I attended a private girls' school in NYC, Nightingale Bamford, then attended and graduated from Northwestern University with a major in Child Psychology. In 1974 I went to Bologna Italy to study International Affairs with the Johns Hopkins' School For Advanced International Studies Master's Program. My focus was the Soviet Military Industrial Complex. In August 1976 I was sitting in a coffee shop sipping a cup of coffee when a man approached me and asked me who I was. I told him my name, and he said, "Come see me next week".

Mort Siegel worked for Eyewitness News (ABC TV) and had started the first Manhattan Cable TV show on New York City in partnership with CUE magazine, "CUE ON J". He told me that he wanted me to be the producer of the show!!

Yea, right. I had been on Howdy Doody 8 times, but that was the extent of my TV experience. However, as I was about to enter the Russian Institute at Columbia University and I was ready to look at a new direction in my life, I said "ok"!!

So, in August 1976, I became a producer of CUE ON J and I was on camera and in the editing room 24/7. I wanted to do a good job, even though I didnt know what I was doing. I figured it out.

I learned that anyone who REALLY wanted to do something, could. We went from one day a week to four days a week on Cable, and we covered New York - parties with Jackie Onassis, Earl Wilson, stars of Broadway, TV, film, theater, oh my gosh, what a great job.
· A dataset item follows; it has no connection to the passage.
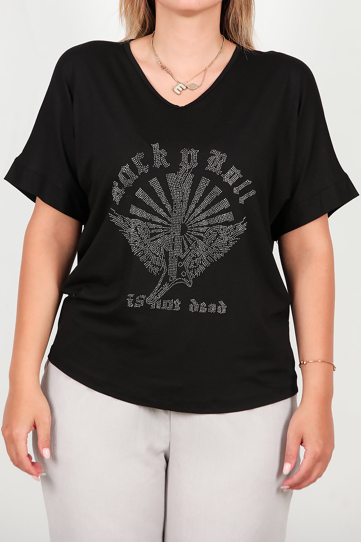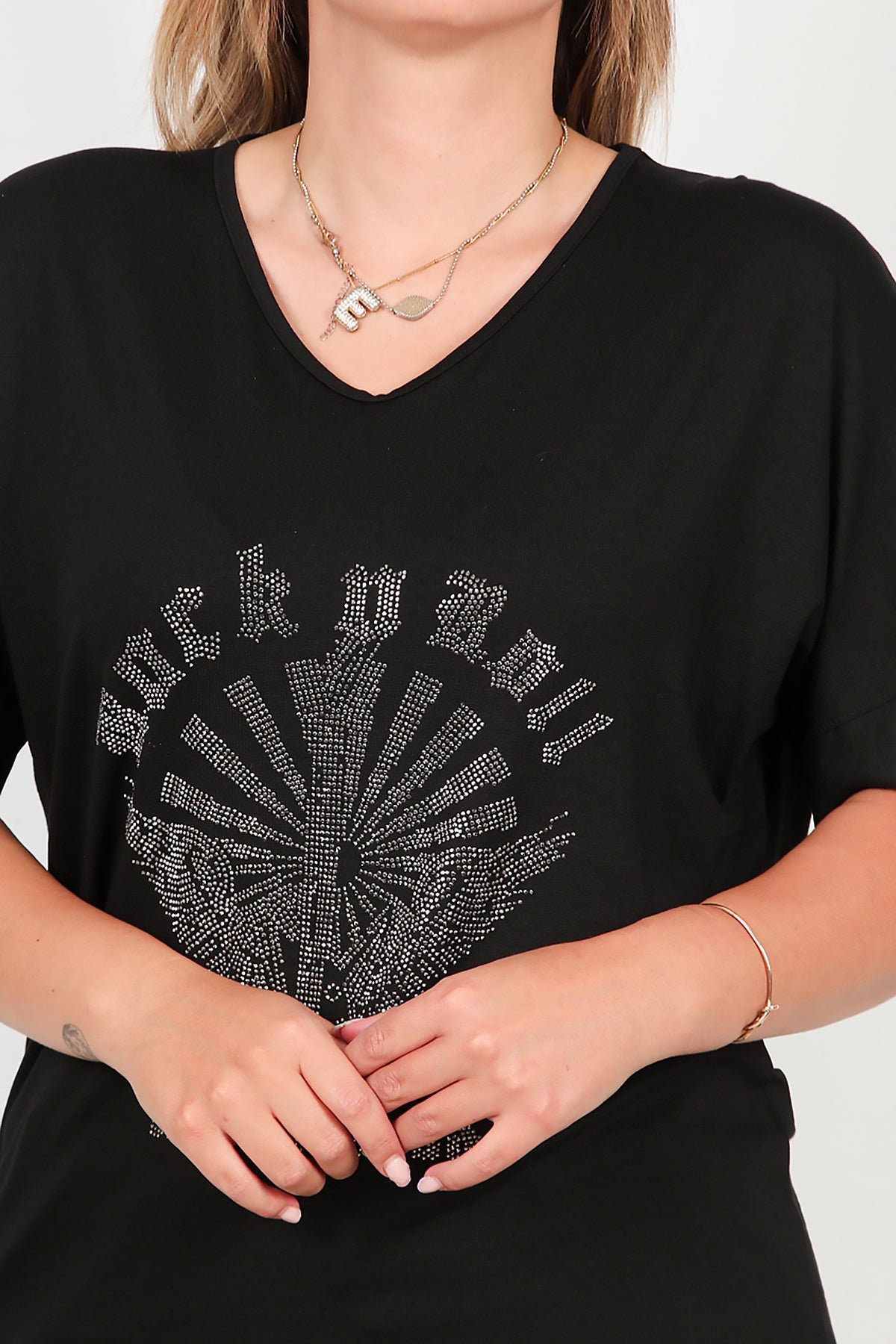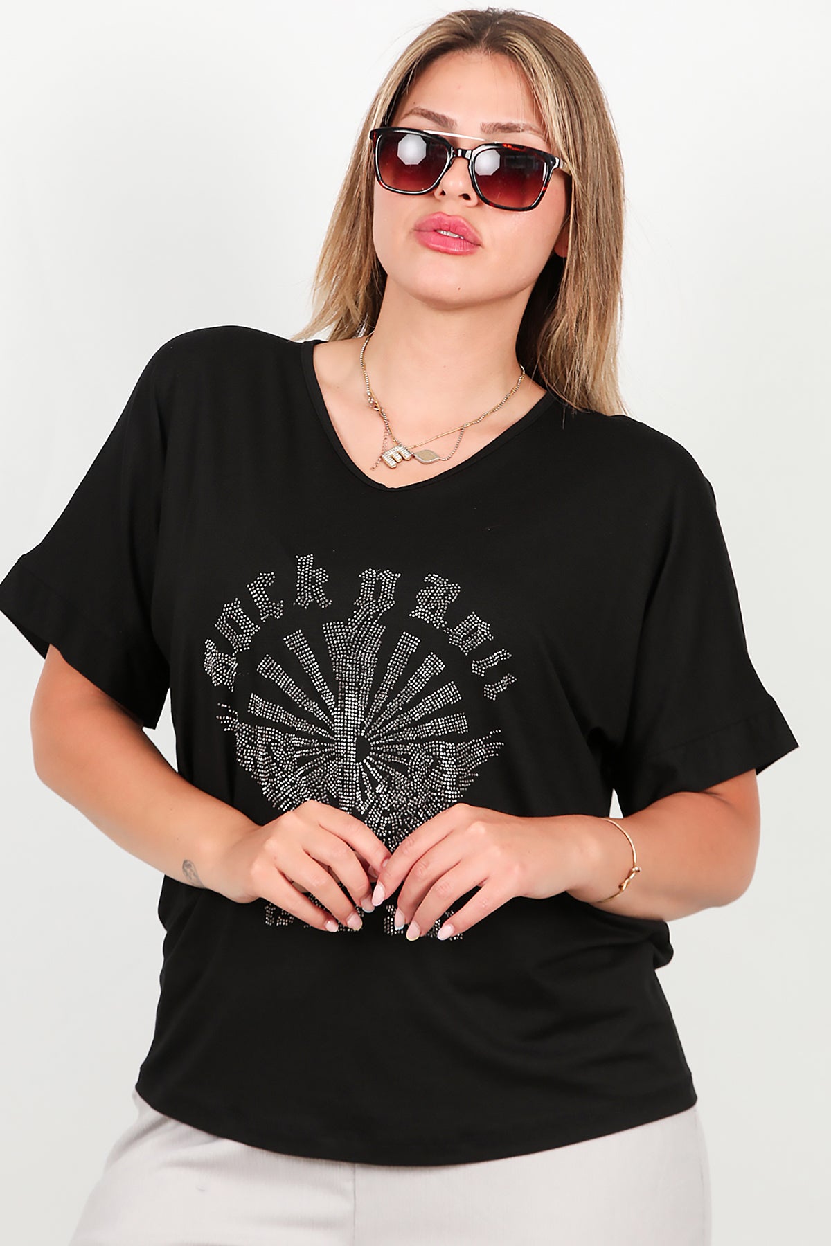 Büyük Beden Taş İşlemeli Bluz Siyah

Thank goodness I had a great video editor, Jimmy Vito (where are you, Jimmy?) who taught me everything and did an excellent job in the editing room.

After about one year, I decided that $100/week salary was leaving me a little raw, so I went to the publisher of CUE and asked if I could get a commission for selling time on the CUE show. He thought the idea of selling cable time was the most absurd thing he had ever heard.

In 1976-77 very few people, maybe 100,000, had cable. So why would anyone want to pay to be on it? Yep, that's what he said. He did ask me if I had an ad for the magazine, and I said "sure!" so I ran back to my office, wrote an ad, and he decided, as I insisted I could sell the show and therefore the magazine, to let me try to sell time on CUE ON J.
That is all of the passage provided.